BEGIN

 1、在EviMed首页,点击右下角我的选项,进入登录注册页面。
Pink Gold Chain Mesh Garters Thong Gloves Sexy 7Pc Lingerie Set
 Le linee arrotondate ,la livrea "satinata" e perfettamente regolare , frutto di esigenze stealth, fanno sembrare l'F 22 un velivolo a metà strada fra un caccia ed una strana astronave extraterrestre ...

END
BEGIN

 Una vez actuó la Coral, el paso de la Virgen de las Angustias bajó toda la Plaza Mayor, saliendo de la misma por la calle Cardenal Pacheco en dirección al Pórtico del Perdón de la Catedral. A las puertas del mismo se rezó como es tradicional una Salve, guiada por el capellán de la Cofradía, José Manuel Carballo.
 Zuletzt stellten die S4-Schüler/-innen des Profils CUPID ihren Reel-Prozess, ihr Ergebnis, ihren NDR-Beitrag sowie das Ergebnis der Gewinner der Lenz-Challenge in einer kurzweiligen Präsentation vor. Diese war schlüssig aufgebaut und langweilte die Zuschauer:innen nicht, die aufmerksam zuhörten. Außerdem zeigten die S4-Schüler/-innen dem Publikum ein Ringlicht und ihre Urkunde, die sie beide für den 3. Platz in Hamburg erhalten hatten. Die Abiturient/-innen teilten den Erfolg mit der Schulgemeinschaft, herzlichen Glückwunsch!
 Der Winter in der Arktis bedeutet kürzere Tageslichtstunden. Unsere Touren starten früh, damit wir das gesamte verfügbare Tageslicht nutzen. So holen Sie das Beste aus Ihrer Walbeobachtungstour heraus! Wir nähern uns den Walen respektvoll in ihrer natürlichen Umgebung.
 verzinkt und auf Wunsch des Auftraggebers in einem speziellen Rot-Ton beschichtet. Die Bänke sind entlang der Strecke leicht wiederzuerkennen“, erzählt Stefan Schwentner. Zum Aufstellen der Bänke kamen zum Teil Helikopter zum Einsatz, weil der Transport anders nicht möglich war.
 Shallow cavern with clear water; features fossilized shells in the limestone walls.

END
BEGIN

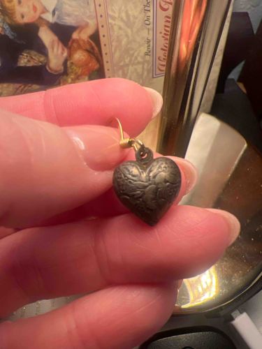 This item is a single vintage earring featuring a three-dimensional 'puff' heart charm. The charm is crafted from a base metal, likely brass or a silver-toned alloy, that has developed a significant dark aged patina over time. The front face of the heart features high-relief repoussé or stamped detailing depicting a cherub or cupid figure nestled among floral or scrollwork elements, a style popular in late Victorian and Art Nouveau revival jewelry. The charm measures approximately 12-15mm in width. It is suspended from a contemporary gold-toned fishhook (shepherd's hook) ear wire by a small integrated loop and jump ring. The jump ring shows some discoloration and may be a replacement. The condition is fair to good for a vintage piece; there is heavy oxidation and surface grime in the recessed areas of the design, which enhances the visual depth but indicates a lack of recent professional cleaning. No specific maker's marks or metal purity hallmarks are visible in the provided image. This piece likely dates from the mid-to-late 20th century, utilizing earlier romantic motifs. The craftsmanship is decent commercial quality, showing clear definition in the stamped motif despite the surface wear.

END

• [Problem to work on] In the entries above, find the line with "Pink Gold Chain" and the line with "Le linee arrotondate", then set down exactly those two and every line between them, nothing else.

• [Result of the exercise]
Pink Gold Chain Mesh Garters Thong Gloves Sexy 7Pc Lingerie Set
 Le linee arrotondate ,la livrea "satinata" e perfettamente regolare , frutto di esigenze stealth, fanno sembrare l'F 22 un velivolo a metà strada fra un caccia ed una strana astronave extraterrestre ...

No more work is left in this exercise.